START Supplied material

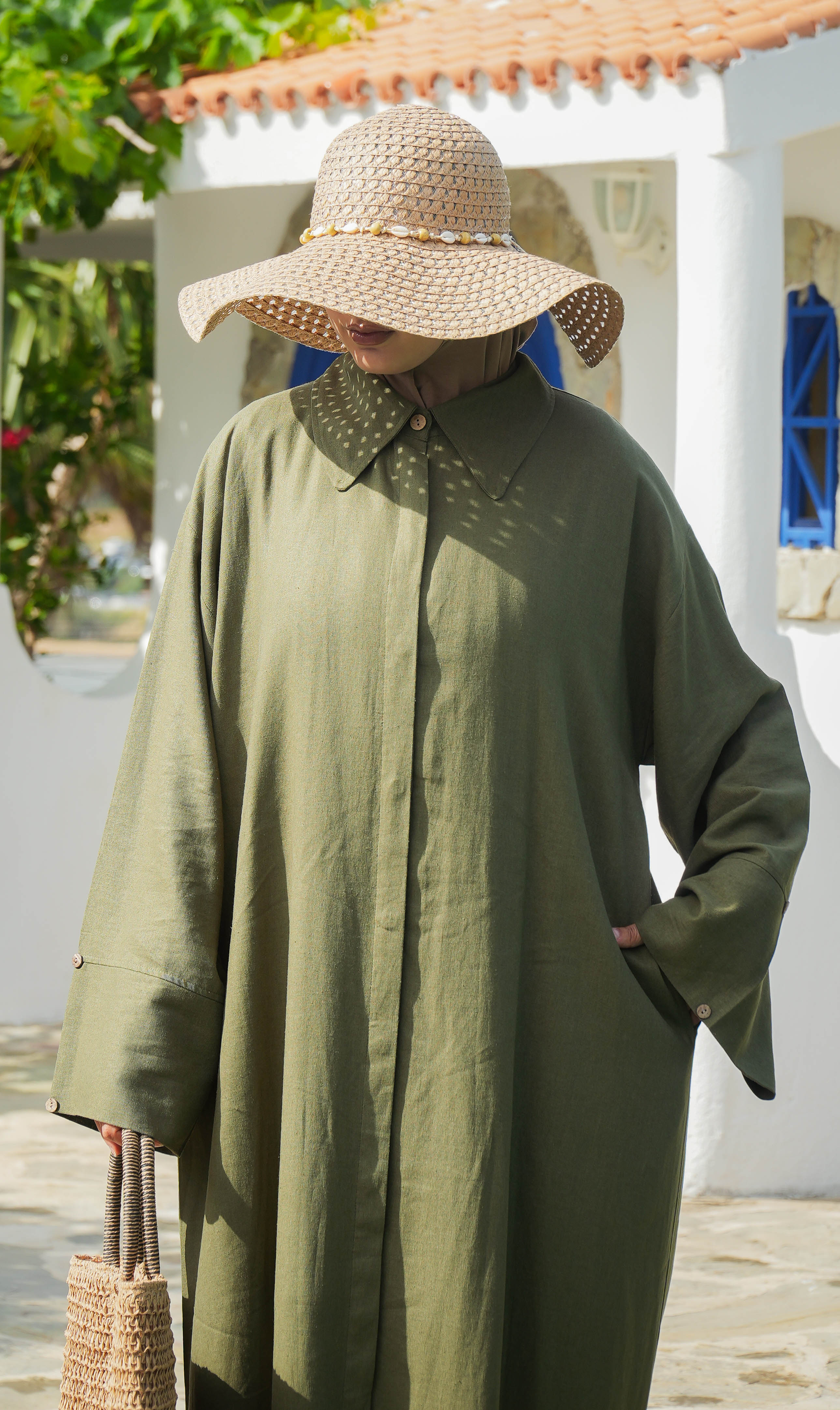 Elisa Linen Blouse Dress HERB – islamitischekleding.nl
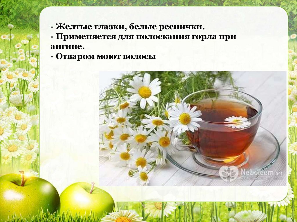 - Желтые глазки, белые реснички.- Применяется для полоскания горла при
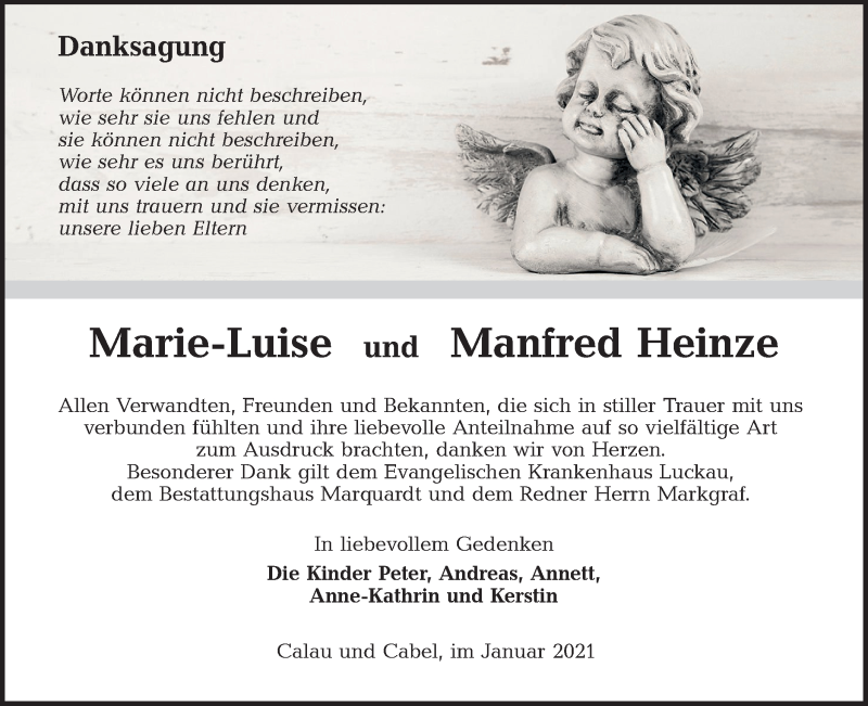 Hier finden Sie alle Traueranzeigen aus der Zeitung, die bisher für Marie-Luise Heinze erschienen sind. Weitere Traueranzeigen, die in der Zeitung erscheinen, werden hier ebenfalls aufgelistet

END Supplied material
START Supplied material

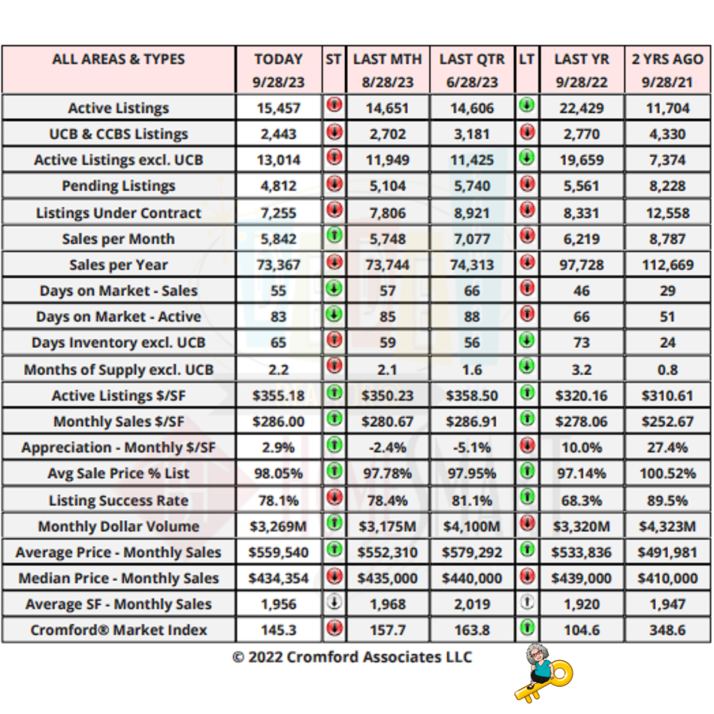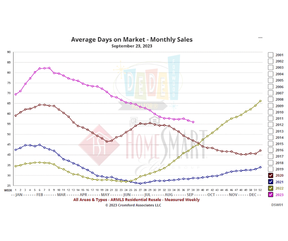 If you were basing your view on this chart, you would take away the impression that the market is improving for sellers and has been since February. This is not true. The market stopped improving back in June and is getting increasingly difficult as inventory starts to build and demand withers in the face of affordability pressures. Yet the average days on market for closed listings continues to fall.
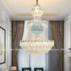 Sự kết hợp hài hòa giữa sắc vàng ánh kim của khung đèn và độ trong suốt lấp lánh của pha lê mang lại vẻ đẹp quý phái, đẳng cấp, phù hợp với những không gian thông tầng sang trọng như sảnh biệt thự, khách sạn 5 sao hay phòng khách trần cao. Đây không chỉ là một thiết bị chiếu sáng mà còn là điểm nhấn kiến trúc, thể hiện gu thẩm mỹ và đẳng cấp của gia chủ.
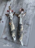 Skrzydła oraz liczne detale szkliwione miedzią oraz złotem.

END Supplied material

**What you will do**
No picture is to be printed. Output exactly the lines above from the line containing "Elisa Linen Blouse" through the line containing "Hier finden Sie".

**Exercise result**
 Elisa Linen Blouse Dress HERB – islamitischekleding.nl
 - Желтые глазки, белые реснички.- Применяется для полоскания горла при
 Hier finden Sie alle Traueranzeigen aus der Zeitung, die bisher für Marie-Luise Heinze erschienen sind. Weitere Traueranzeigen, die in der Zeitung erscheinen, werden hier ebenfalls aufgelistet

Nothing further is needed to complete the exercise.